After recently attending an “Un-conference” in San Francisco the other week, I returned to work where my co-workers had run into an extremely unique situation, and we couldn’t explain it.
Background
One of the leads from my former team approached me and told me how I’d missed out on all the fun while I was gone. He began to explain to me how for Product X, their QA or Perf environments would get messed up any time Product Y would do a deployment on those environments. On my former team, we use Terraform modules & Terragrunt to manage our Infrastructure as Code (IaC). After troubleshooting the recent changes for Product Y, it was determined that a junior engineer performed a bad copy/paste of some Terragrunt to create the IaC for Product Y. They took out the incorrect code, but I wanted to understand what was actually happening to allow for this to have occurred in the first place.
In the Terragrunt code for Product X, we are creating two S3 Buckets for static web content. In all the other products (like Product Y) we only create one bucket. The copied code happened to be the piece that creates both buckets. After doing some troubleshooting of my own, I confirmed that the Terraform/Terragrunt code was “re-creating” the bucket in this block of code. But why?
Diving Deeper
I had never seen anything like this with an S3 Bucket before. Normally when you try to create a bucket that already exists, you will receive the error BucketAlreadyExists, but that wasn’t happening here. I had to know why. I contacted one of our Technical Account Managers (TAM) and explained the situation to him. He too, hadn’t experienced this before, so we both dug in deep to try to get to the bottom of this.
Finally, the TAM found the S3 List of Error Codes for S3 Buckets. Because the Bucket being “created” was on the same account, it was really the BucketAlreadyOwnedByYou error code and not BucketAlreadyExists. Now, here’s where you need to read the fine print.
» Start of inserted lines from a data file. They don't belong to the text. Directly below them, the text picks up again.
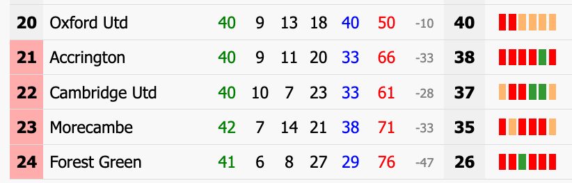 For Argyle, their form is more than a bit troubling. Three wins in five - against Morecambe, Accrington and Oxford, three of the leagueâs worst teams - masks a drop in performance levels. When they played the leagueâs better teams (most recently Peterborough and Barnsley), Plymouth lost both and conceded eight.
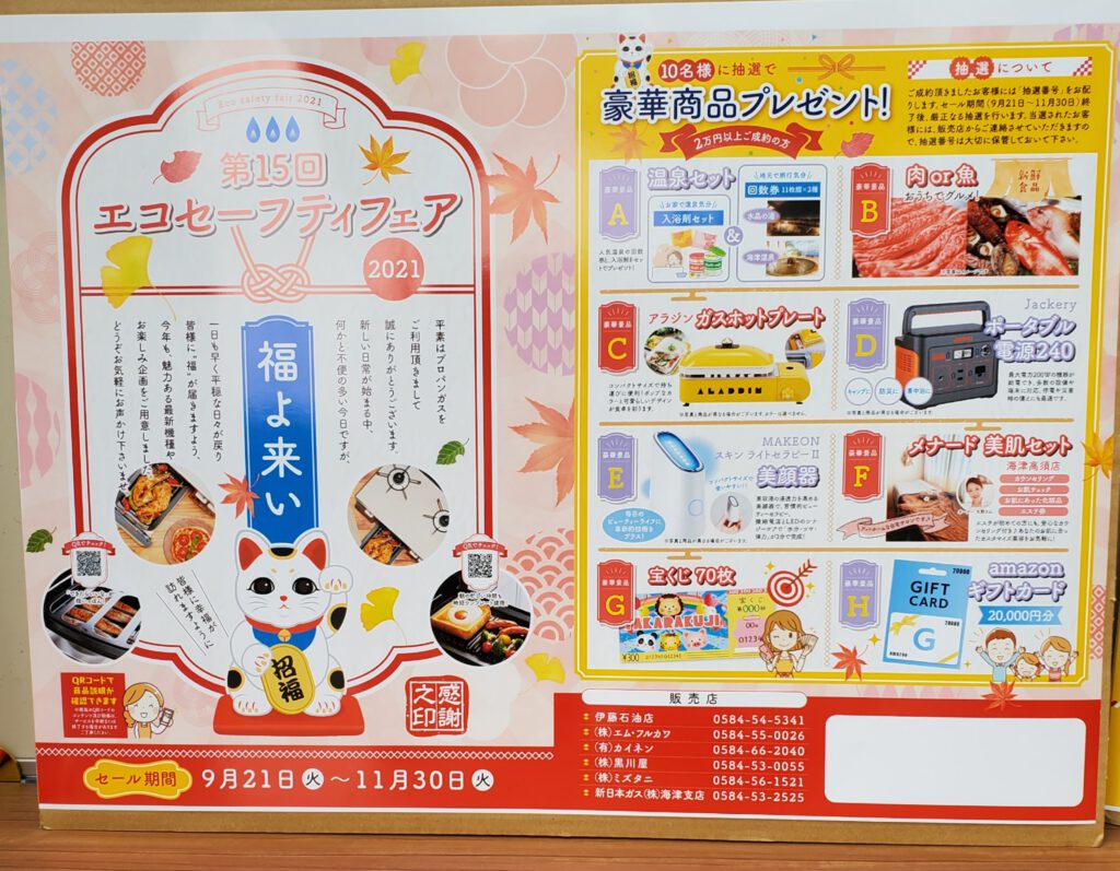 こんにちは嫁のmieです。 エコセーフティフェア9月21日(火)から始まります。 最新のガス機器をご用意しておまちしております☺ -
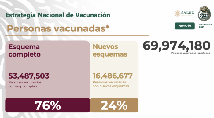 Con esquema completo se reportan 53 millones 487 mil personas, mientras que ya hay 16 millones 486 mil con nuevos esquemas. El comunicado oficial indica que la estrategia ya alcanzó a 78 por ciento de la población de 18 años y más.

The bucket that you tried to create already exists, and you own it. Amazon S3 returns this error in all AWS Regions except in the US East (N. Virginia) Region (us-east-1). For legacy compatibility, if you re-create an existing bucket that you already own in us-east-1, Amazon S3 returns 200 OK and resets the bucket access control lists (ACLs).
Bolded for my emphasis
Moral of the Story
AWS should really look into deprecating this functionality so all regions work the same. I know that us-east-1 is special and will probably always keep these quirky details. The only way to find this was by reading the errors documentation or if you already knew about the BucketAlreadyOwnedByYou error.